The major limitation of this study lies in the data gathering and risk factors. The data on HPAI H5N1 virus were only extracted from the OIE database and cases of underreporting cannot be ruled out. Moreover, Nigeria is a very large country with very poor data acquisition and the lack of e-data sources may affect timely reporting of disease occurrence. It would be interesting to be able to have additional variables linked to the location of events (e.g. those that address biosecurity, farm characteristics, and measure virus dispersion). This study only considered the ecological aspect of disease transmission due to availability of data. Furthermore, we could not assess the extent (distance) of the contribution of the wind in the transmission of HPAI based on limited data. In spite of these limitations, OIE provides very reliable and considerable data that yielded extensive information crucial for HPAI analysis in Nigeria. The analysis based on these data offers the opportunity to detect whether environmental and ecological variables are potential risk factors for the mapping of suitable habitats.
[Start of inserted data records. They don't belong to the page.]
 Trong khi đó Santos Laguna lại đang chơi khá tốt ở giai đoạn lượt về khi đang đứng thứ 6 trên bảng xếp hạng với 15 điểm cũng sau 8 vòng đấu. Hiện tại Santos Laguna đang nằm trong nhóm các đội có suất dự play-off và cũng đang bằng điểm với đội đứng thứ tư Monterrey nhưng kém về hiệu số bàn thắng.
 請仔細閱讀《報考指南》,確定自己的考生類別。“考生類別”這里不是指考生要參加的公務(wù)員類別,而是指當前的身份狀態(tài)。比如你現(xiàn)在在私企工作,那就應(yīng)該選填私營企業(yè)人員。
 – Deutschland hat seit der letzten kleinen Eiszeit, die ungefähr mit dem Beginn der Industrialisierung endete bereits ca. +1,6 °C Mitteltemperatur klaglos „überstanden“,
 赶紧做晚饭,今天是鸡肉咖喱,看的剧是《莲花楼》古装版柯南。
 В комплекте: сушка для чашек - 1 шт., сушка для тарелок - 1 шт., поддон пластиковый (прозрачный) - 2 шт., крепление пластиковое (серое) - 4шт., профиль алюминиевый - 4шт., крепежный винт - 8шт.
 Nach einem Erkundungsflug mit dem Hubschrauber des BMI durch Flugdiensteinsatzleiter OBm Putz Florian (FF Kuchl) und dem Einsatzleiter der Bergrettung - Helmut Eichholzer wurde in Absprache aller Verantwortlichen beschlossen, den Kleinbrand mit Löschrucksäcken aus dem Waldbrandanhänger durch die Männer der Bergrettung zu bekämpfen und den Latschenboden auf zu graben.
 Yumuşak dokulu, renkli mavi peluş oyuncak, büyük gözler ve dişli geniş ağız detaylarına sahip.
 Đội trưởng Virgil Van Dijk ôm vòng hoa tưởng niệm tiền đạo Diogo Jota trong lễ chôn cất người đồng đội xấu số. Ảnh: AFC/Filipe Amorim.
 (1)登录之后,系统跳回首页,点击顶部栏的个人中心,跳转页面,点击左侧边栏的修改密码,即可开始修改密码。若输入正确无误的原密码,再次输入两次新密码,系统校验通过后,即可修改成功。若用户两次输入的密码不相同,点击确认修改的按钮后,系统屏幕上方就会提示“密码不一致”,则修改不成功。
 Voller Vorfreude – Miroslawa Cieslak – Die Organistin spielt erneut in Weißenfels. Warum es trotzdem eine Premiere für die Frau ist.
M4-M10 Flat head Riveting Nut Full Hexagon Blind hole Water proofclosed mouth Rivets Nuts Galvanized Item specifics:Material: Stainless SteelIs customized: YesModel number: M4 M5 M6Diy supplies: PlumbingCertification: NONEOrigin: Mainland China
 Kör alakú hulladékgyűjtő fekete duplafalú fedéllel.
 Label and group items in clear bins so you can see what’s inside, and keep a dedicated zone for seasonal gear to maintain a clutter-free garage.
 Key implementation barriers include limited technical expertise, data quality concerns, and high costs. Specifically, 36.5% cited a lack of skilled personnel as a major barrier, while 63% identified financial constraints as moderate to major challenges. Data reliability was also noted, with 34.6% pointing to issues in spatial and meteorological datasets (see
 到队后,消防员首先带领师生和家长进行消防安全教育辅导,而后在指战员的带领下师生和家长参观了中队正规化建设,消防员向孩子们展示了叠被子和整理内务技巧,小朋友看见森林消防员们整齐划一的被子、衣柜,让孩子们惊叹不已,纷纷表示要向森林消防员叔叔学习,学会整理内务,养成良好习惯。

Our analysis using point process modelling also showed that geographical heterogeneity and seasonal effects are very important components of the spread and transmission of HPAI H5N1. The study calls for adequate surveillance and quick quarantine of infected farms in close proximity to the first outbreak. Further studies could incorporate and utilize the wind direction and dust dispersion (as proxy for airborne dispersion of the virus), farm population density and biosecurity in determining the pattern and mechanism of the spread of disease.